Go through the listing below and write out exactly the lines from the one that mentions "возраст: 3 года + |" through the one that mentions "The problem with", minus the pictures.

● EXERCISE MATERIAL:
■ ■ ■ ■ ■ ■ ■

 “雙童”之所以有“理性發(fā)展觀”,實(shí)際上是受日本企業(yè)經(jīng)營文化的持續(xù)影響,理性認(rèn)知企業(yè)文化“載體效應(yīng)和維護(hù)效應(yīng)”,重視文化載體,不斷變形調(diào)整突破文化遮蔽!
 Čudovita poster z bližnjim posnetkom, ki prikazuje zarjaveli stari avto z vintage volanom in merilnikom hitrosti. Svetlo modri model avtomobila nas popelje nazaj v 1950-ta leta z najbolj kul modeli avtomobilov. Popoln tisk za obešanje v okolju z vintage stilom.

■ ■ ■ ■ ■ ■ ■

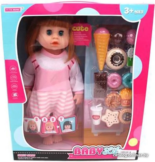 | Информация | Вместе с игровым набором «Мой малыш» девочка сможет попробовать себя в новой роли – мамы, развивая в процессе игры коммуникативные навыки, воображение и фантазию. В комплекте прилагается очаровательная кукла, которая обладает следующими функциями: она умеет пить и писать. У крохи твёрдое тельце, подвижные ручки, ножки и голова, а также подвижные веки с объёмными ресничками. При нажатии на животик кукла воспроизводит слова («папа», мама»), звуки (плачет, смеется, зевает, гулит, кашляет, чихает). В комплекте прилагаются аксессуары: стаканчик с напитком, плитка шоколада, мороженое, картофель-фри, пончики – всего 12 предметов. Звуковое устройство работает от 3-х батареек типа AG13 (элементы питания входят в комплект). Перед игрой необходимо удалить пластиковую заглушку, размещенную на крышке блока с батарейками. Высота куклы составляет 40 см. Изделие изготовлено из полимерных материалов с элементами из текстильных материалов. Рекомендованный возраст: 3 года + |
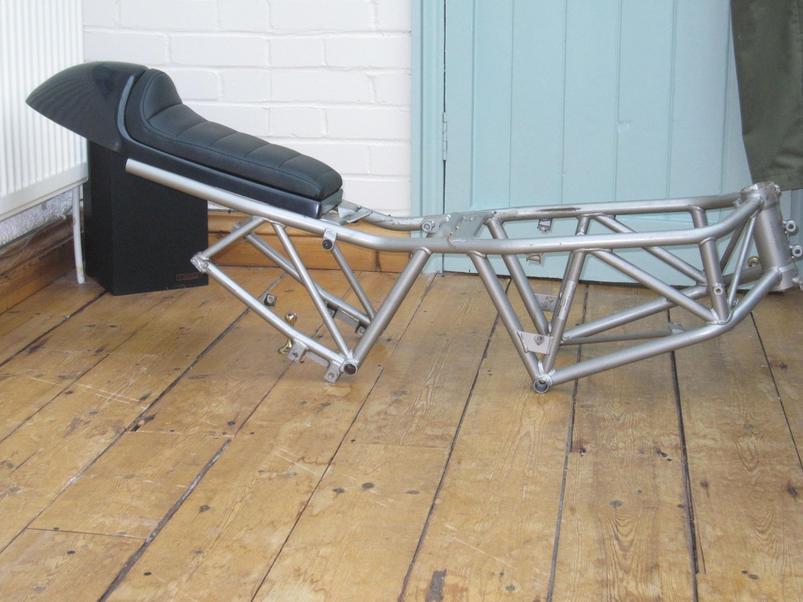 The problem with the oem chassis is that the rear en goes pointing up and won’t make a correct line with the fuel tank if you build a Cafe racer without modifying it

■ ■ ■ ■ ■ ■ ■

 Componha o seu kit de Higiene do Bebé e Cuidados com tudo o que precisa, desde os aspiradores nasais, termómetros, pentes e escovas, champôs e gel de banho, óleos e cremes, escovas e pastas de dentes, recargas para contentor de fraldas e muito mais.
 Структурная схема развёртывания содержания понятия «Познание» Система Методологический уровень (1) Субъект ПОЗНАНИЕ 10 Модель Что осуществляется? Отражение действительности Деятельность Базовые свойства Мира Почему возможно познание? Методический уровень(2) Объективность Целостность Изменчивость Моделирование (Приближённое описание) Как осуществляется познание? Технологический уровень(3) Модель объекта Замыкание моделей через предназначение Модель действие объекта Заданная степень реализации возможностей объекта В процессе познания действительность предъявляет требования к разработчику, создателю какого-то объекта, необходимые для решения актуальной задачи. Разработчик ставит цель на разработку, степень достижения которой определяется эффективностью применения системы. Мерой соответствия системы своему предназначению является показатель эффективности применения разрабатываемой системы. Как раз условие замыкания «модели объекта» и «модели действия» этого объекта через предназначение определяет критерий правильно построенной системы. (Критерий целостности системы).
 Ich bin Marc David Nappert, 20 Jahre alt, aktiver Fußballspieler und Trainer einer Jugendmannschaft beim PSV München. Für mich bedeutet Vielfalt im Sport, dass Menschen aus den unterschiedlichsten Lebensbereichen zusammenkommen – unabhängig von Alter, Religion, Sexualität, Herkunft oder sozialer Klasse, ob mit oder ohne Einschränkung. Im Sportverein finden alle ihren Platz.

■ ■ ■ ■ ■ ■ ■

● WRITTEN SOLUTION:
 | Информация | Вместе с игровым набором «Мой малыш» девочка сможет попробовать себя в новой роли – мамы, развивая в процессе игры коммуникативные навыки, воображение и фантазию. В комплекте прилагается очаровательная кукла, которая обладает следующими функциями: она умеет пить и писать. У крохи твёрдое тельце, подвижные ручки, ножки и голова, а также подвижные веки с объёмными ресничками. При нажатии на животик кукла воспроизводит слова («папа», мама»), звуки (плачет, смеется, зевает, гулит, кашляет, чихает). В комплекте прилагаются аксессуары: стаканчик с напитком, плитка шоколада, мороженое, картофель-фри, пончики – всего 12 предметов. Звуковое устройство работает от 3-х батареек типа AG13 (элементы питания входят в комплект). Перед игрой необходимо удалить пластиковую заглушку, размещенную на крышке блока с батарейками. Высота куклы составляет 40 см. Изделие изготовлено из полимерных материалов с элементами из текстильных материалов. Рекомендованный возраст: 3 года + |
 The problem with the oem chassis is that the rear en goes pointing up and won’t make a correct line with the fuel tank if you build a Cafe racer without modifying it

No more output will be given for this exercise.